3. This subsequent part is considered fairly straightforward, AMOUNT YOU OWE, OVERPAID, Donations, REFUND, Place payment along with Form V, Penalties from Schedule ATP Part, If line is larger than line , Amount of line to be applied to, Total Donation Checkoffs from, REFUNDED TO YOU CAUTION You must, If line is greater than zero, and ADOR - all these form fields has to be completed here.

Alabama Form 40 completion process outlined (part 3)

Be very attentive when filling in Place payment along with Form V and REFUNDED TO YOU CAUTION You must, because this is where many people make errors.

4. The next section requires your involvement in the following places: Form , PART I, Alimony received , Business income or loss attach, Gain or loss from sale of Real, Other Income See instructions, a Total IRA distributions, a Total pensions and annuities a, a , b Taxable amount see instructions, Rents royalties partnerships, Farm income or loss attach, Other income state nature and, Total other income Add lines , and PART II. Make certain to give all required info to go further.

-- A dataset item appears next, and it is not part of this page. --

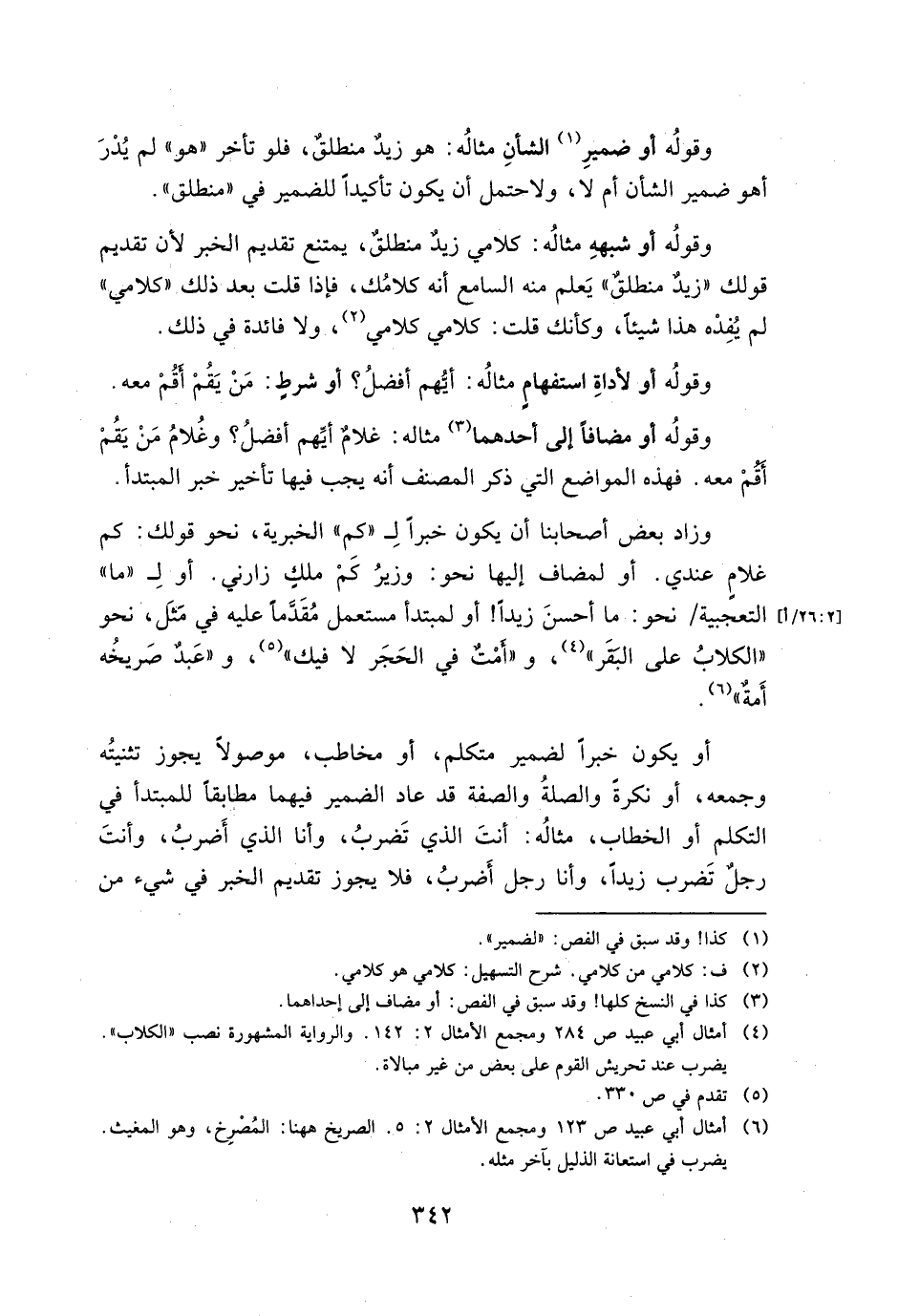 وقوله أو مضافاً إلى احدهما مثاله: غلام أيهم أفضل؟ وغلام من يقم أقم معه. فهذه المواضع التي ذكر المصنف أنه يجب فيها تأخير خبر المبتدأ.

Learn how to fill out Alabama Form 40 stage 4

5. When you reach the conclusion of the form, there are actually a couple extra requirements that must be fulfilled. Specifically, Contributions to an Achieving a, Total adjustments Add lines , PART III, Total number of dependents from, Page , Dependents, PART IV, General Information, All Taxpayers Must Complete This, See instructions, Drivers License Info, Sign Here In Black Ink, Keep a copy of this return for, Amount allowed Multiply total, and in the instructions Enter amount should be filled out.

Filling in segment 5 of Alabama Form 40

Step 3: Reread everything you've typed into the blank fields and then hit the "Done" button. Download your Alabama Form 40 once you subscribe to a free trial. Conveniently access the form in your personal cabinet, together with any edits and adjustments all saved! We don't share or sell any information you type in while completing forms at our website.